If a mortgagor, or person claiming under a mortgagor, would lay the foundation for the maintenance of a bill in equity, for the redemption of mortgaged estate, by previous payment or *241tender. Such payment or tender is required to be made to the mortgagee or person claiming under him. Statute, chap. 125, sect. 17.

The plaintiff in the equity suit at bar, upon the tenth day of March, 1846, made a tender of the full amount due upon the mortgage from which he seeks a decree for redemption, to the defendant’s attorney, who had possession of the note, secured by the mortgage, which note was duly assigned, and requested that the note might be given up and the mortgage discharged. At the time of the tender, the defendant had no assignment of the mortgage, and the money tendered was not received in his behalf; and the note was not given up, or the mortgage discharged. This tender was insufficient to entitle him to a decree in his favor.

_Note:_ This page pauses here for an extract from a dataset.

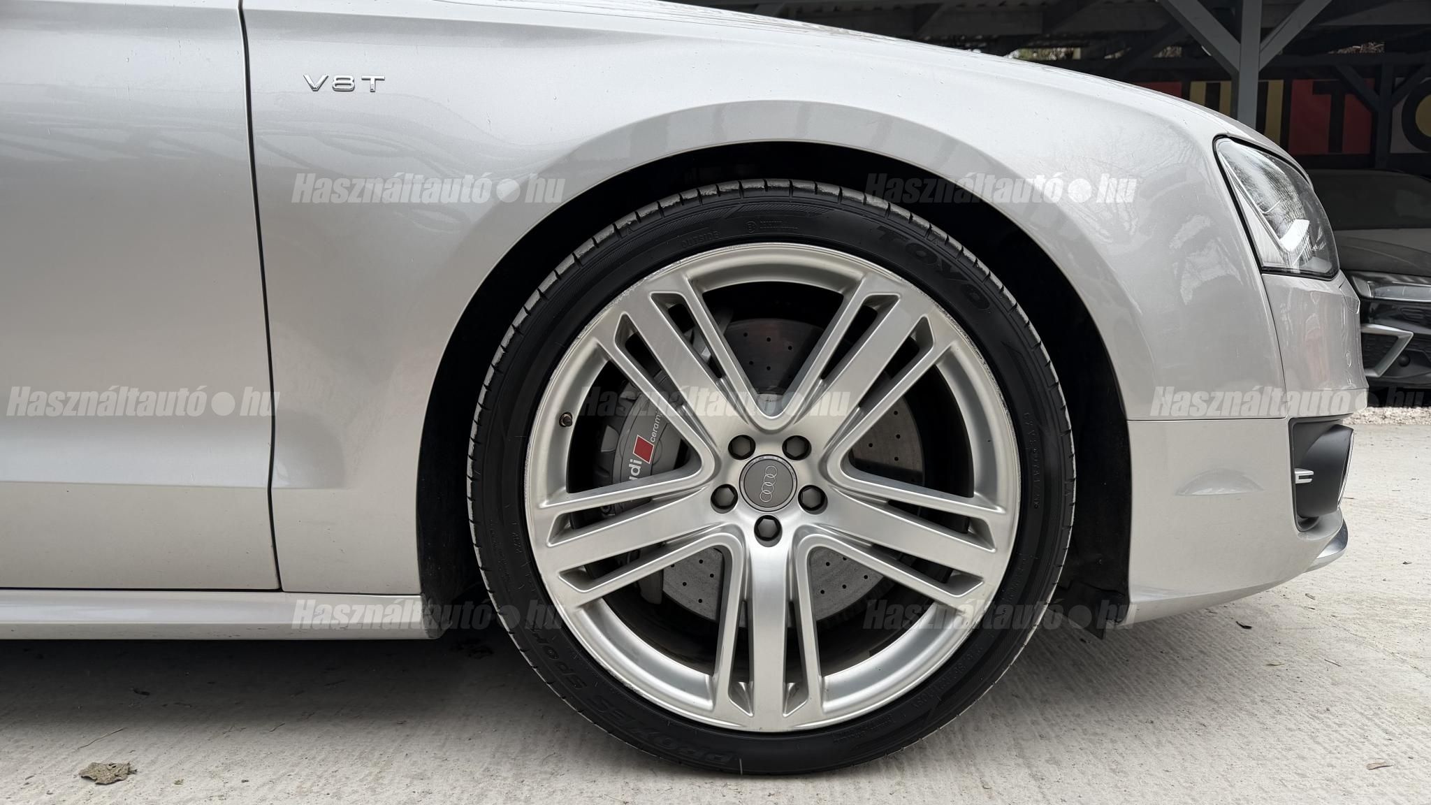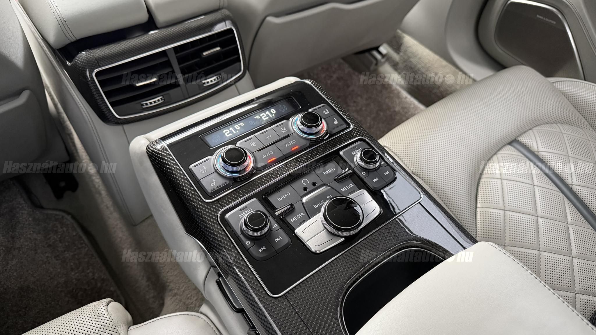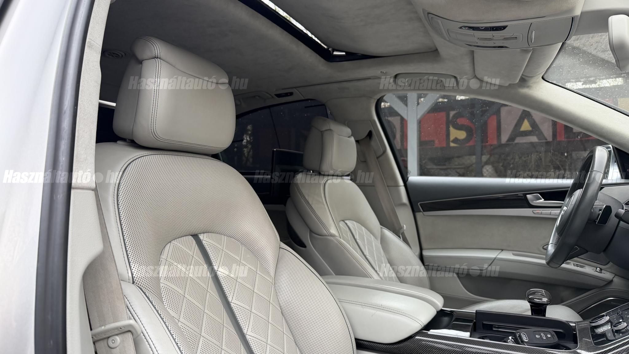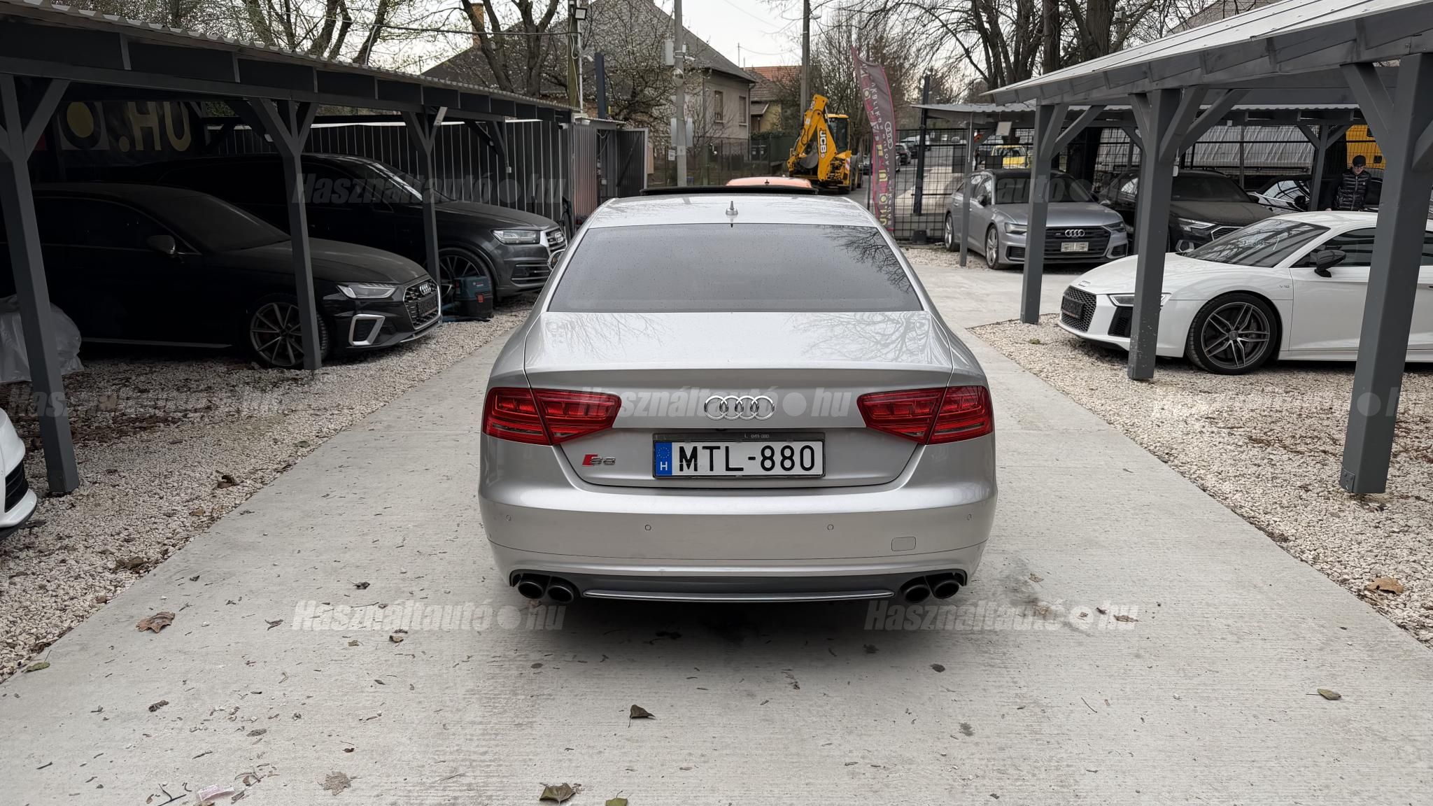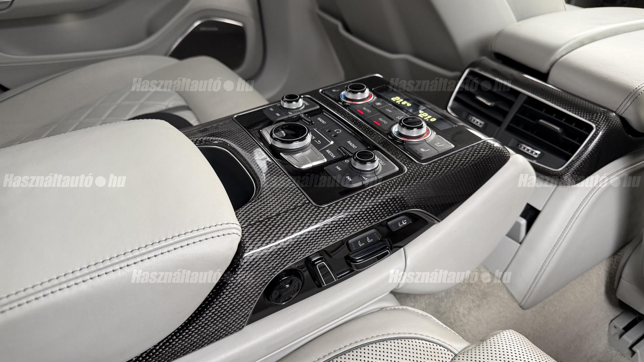 További 50 nagy felbontású kép: facebook/ingolstadtauto oldalunkon! AZ AUTÓK MEGTEKINTÉSÉHEZ MINDEN ESETBEN ELŐZETES TELEFONOS EGYEZTETÉS SZÜKSÉGES! BANKI HITELÜGYINTÉZÉSben is tudunk segíteni ez 12-84 hónapig terjedő periódusra ütemezhető. Legalább 20% önrésszel vehető fel.----------TÍPUS/ÁLLAPOT----------AZ ADOTT AUTÓRÓL:Gyönyörű Floret Silver színű, sportos luxuslimuzin.Fényezése szép, egységes. A két első sárvédő volt fényezve, motorháztető meg a bal hátsó sárvédő.A beltér megkímélt állapotú, nincsenek benne megmagyarázhatatlan, barbár sérülések. A szellőztethető, fűthető és masszázsfunkciós komfortülések az Audi egyik legkényelmesebb ülései közé tartoznak. Minden irányban elektromosan állíthatók (deréktámasz, oldaltartás, vállrész), így maximális kényelmet biztosítanak.Ennek részeként a hátsó ülések elektromosan állíthatók, így a háttámla dőlésszöge és az ülés pozíciója egyénileg szabályozható. Ez lehetővé teszi, hogy az utasok hosszabb utakon is maximális kényelemben, akár félig fekvő pozícióhoz közel utazzanak.A rendszer sok esetben kiegészül további prémium funkciókkal is, mint például:ülésfűtés és szellőztetés, masszázs funkció, valamint egyes kiviteleknél különálló, középkonzolos kialakítás, amely még exkluzívabb érzetet biztosít. A hátsó komfort csomaggal az S8 nem csupán vezetési élményben nyújt kiemelkedőt, hanem utasként is egy valódi luxuslimuzin szintjét hozza ideális választás azok számára, akik nemcsak vezetni, hanem utazni is a legmagasabb színvonalon szeretnének.A beltérben többféle anyag és szín találkozik, mégis tökéletes harmóniát alkotnak. Az autót Carbon csomaggal rendelték, így a luxus megjelenés mellett a sportosság is hangsúlyos.Nagyon sok extra található benne, ezeket a videóban részletesen bemutatjuk.Szerkezetileg és motorikusan hibátlan, minden extra tökéletesen működik.A 21 colos, Gyári Audi felnik jó állapotúak, minimális sérülések láthatók rajtuk. Jelenleg jó állapotú nyári gumikkal szerelt.A kerámia fékrendszer állapota jó, a fékbetétek még nincsenek kopásjelzőn.Minden tartozék rendelkezésre áll: összes gyári dokumentáció, vezetett szervizkönyv, valamint 2 db eredeti kulcs.A TÍPUSRÓL:Az Audi S8 D4 facelift előtti modelle 4.0 TFSI az Audi zászlóshajója, ahol a luxus és a teljesítmény valóban egy szinten van kezelve. Egy olyan autó, amely nem hivalkodik, mégis azonnal érezhető a jelenléte megjelenése még ma is komoly tekintélyt sugároz az utakon.Ebben a modellben a 4.0 literes, V8 biturbó erőforrás dolgozik, amely 520 lóerőt és 650 Nm nyomatékot biztosít. A hajtáslánc kifinomultsága és ereje tökéletes összhangban van: erőteljes, mégis finoman adagolható teljesítményt nyújt minden helyzetben.A motorhoz egy 8 fokozatú tiptronic automata váltó kapcsolódik, amely tartósságáról és megbízhatóságáról ismert, míg az állandó quattro összkerékhajtás gondoskodik arról, hogy az autó mindig stabilan és kiszámíthatóan viselkedjen, akár dinamikusabb használat mellett is.A V8-as motor működése rendkívül kifinomult: alacsony fordulaton is erőteljes, magasabb tartományban pedig folyamatosan, megszakítás nélkül építi fel a teljesítményt. A turbófeltöltők a hengersorok között kaptak helyet (ún. hot V elrendezés), ami gyors reakciót és hatékony működést eredményez.A technikai megoldások közül kiemelendő a hengerlekapcsolásos rendszer (COD), amely részterhelésnél csökkenti a fogyasztást, így a teljesítményhez képest meglepően élhető fenntartást tesz lehetővé.Gyári fogyasztási adatok:Városi fogyasztás: 14.4l/100kmOrszágúti fogyasztás: 7.6l/100kmVegyes fogyasztás: 10.1l/100kmAUTÓINKAT 1-3 ÉVIG TERJEDŐ GARANCIÁVAL IS TUDJUK ÉRTÉKESÍTENI, MEGÁLLAPODÁS SZERINT. Autóbeszámítás vagy bármilyen kérdés esetén a lenti telefonszámon keressen vagy WhatsApp-on, Viberen is elérhetőek vagyunk (email-t ne írjon!). TOVÁBBI KÜLÖNLEGES AUDIKÉRT KÖVESSE KÍNÁLATUNKAT FACEBOOKON: INGOLSTADTAUTO |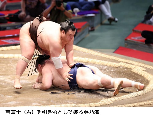 ▽宝富士に志摩ノ海は宝富士が突き落とし。

The tender of payment of the note, made long after its maturity, could not have the effect to discharge the mortgage. After the condition in the mortgage was broken, the mortgagee’s title to the estate was perfect, subject to be defeated only by a process in equity, founded upon payment or tender of payment before foreclosure, as provided in our statute. Maynard v. Hunt, 5 Pick. 240.

In each of the two suits at law, brought upon the two mortgages given by Bragdon to Cook, the demandant claims to be entitled to a conditional judgment. The tenant disclaims any title or interest in the premises described, or possession thereof, excepting five acres, which is covered by his deed from Brag-don, and which is described in his brief statement; by the facts agreed, he has not been in possession of any portion of the residue, or made claim thereto. The demandant in these suits can have judgment against the tenant, in each, for an undivided half of the premises, as demanded, unless the money due, upon each mortgage, respectively be paid; because the part in the possession of the tenant is liable for all the money due upon the mortgages. Taylor & al. v. Porter, 7 Mass. R. 355.

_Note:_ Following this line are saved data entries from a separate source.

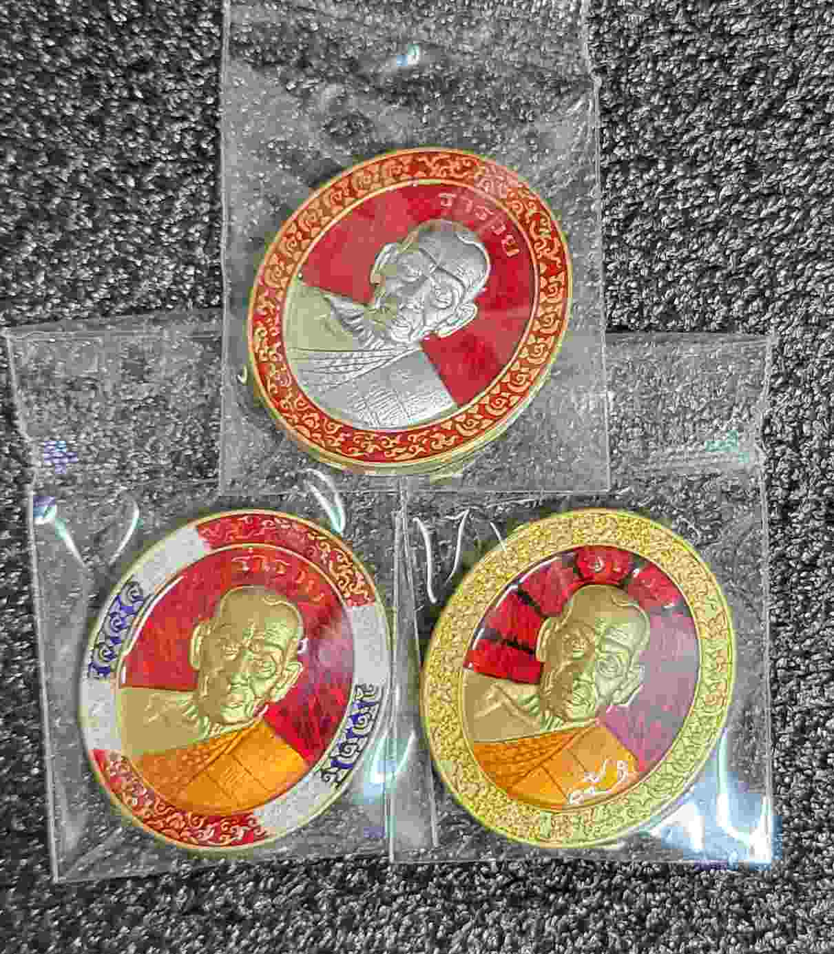 เคาะเดียวแดง เหรียญหลวงพ่อพัฒน์ รุ่นพยัคฆ์แสนล้าน โซนลงยาสามสี รวม 3 เหรียญ |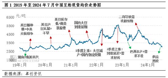 在大豆市场中,美国地位特殊。从全球供需平衡表上看体量庞大:以2023/24年度为例,大豆产量占全球28.66%,仅次于巴西;压榨量占全球18.83%,仅次于中国;出口量占全球26.42%,仅次于巴西。同时不应忽视的是,大豆金融交易主要在芝加哥期货交易所。因此,美豆的金融属性与商品数据,在大豆这个商品中得以较完美体现。从美豆供应端数据看,2023/24年度出现明显的减产,2024/25年度目前有供应能力回归的较强预期。因此从2024年5月份开始,美豆期货开始充分反映这一变化,主力合约5月均价1227美分/蒲式耳,到了7月底已跌至1020美分/蒲式耳附近。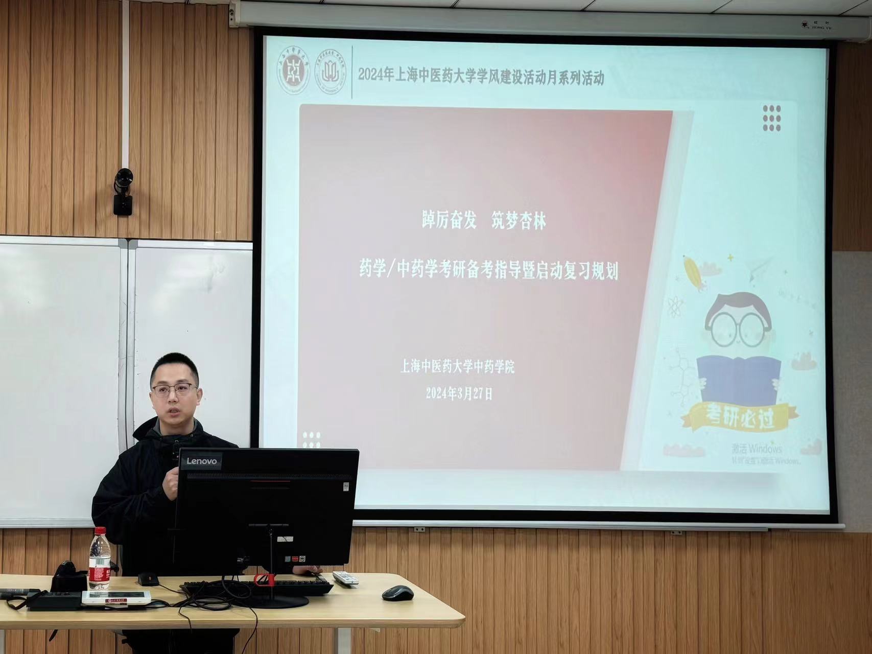 为帮助色情动漫 学子充分了解考研基本情况,引导学生确立目标、明确定位,掌握高效备战方法,327日下午,色情动漫 在10105举办《中药学/药学考研备考指导暨启动复习规划》讲座,2021级中药学、药学(中英合作)的学生及辅导员范丽晨、胡志强参加,本次讲座由色情动漫 辅导员胡志强主讲。
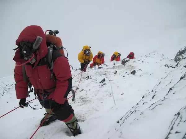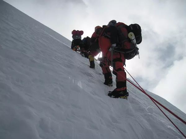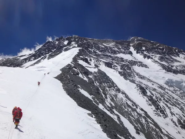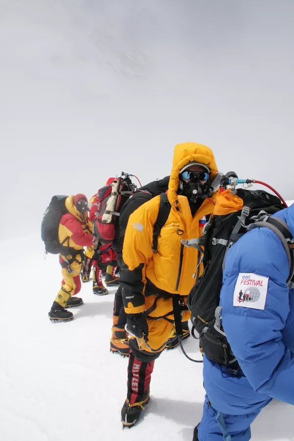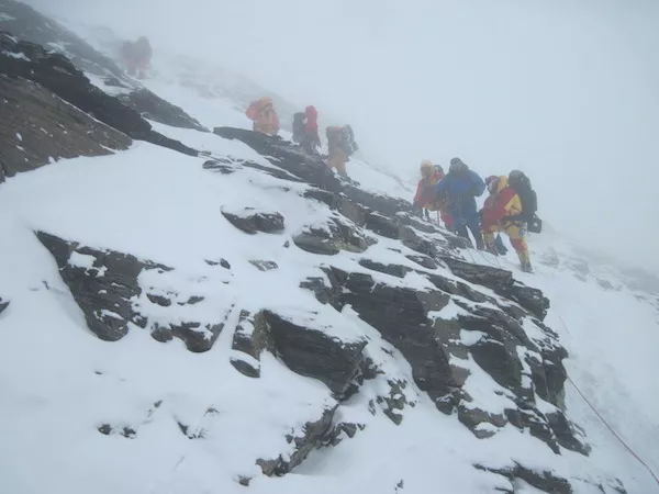 Droga do obozu na wysokości 7700m n.p.m. Ponieważ okno pogodowe (czas kiedy pogoda pozwala na wejście na szczyt) w tym roku trwało tylko półtora dnia, dlatego tak łatwo było o ten długi wężyk ludzi, którzy szli do góry.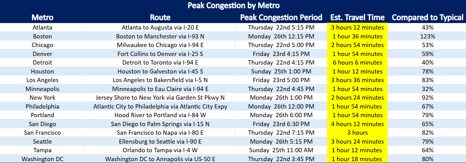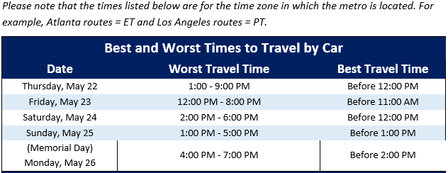 INRIX, a provider of transportation data and insights, expects the afternoons over Memorial Day weekend to be the most congested. Travelers should hit the road during the morning hours. Boston, New York, Los Angeles, San Francisco, and Washington, DC are the metros that can expect the heaviest traffic.

The commencement and prosecution of the actions upon the two mortgages, is a waiver of the entry to foreclose, made *242by the demandant on the 16th day of September, 1843. Fay v. Valentine, 5 Pick. 418; Doe v. Palmer, 16 East, 53; Goodnight v. Cardwent, 6 T. R. 219. And the action commenced by the demandant in September, 1846, on the ground that there had been a foreclosure of the mortgages, cannot be maintained, being in effect for the same cause of action em-ibraced in the proceedings.

Bill in equity dismissed with costs for defendant. Judgment for the demandant in each of the suits upon the mortgages for seizin of one undivided half of the ■ premises, unless the sum due upon each respectively he paid within two months.

In the other suit, the demandant nonsuit, costs for the tenant.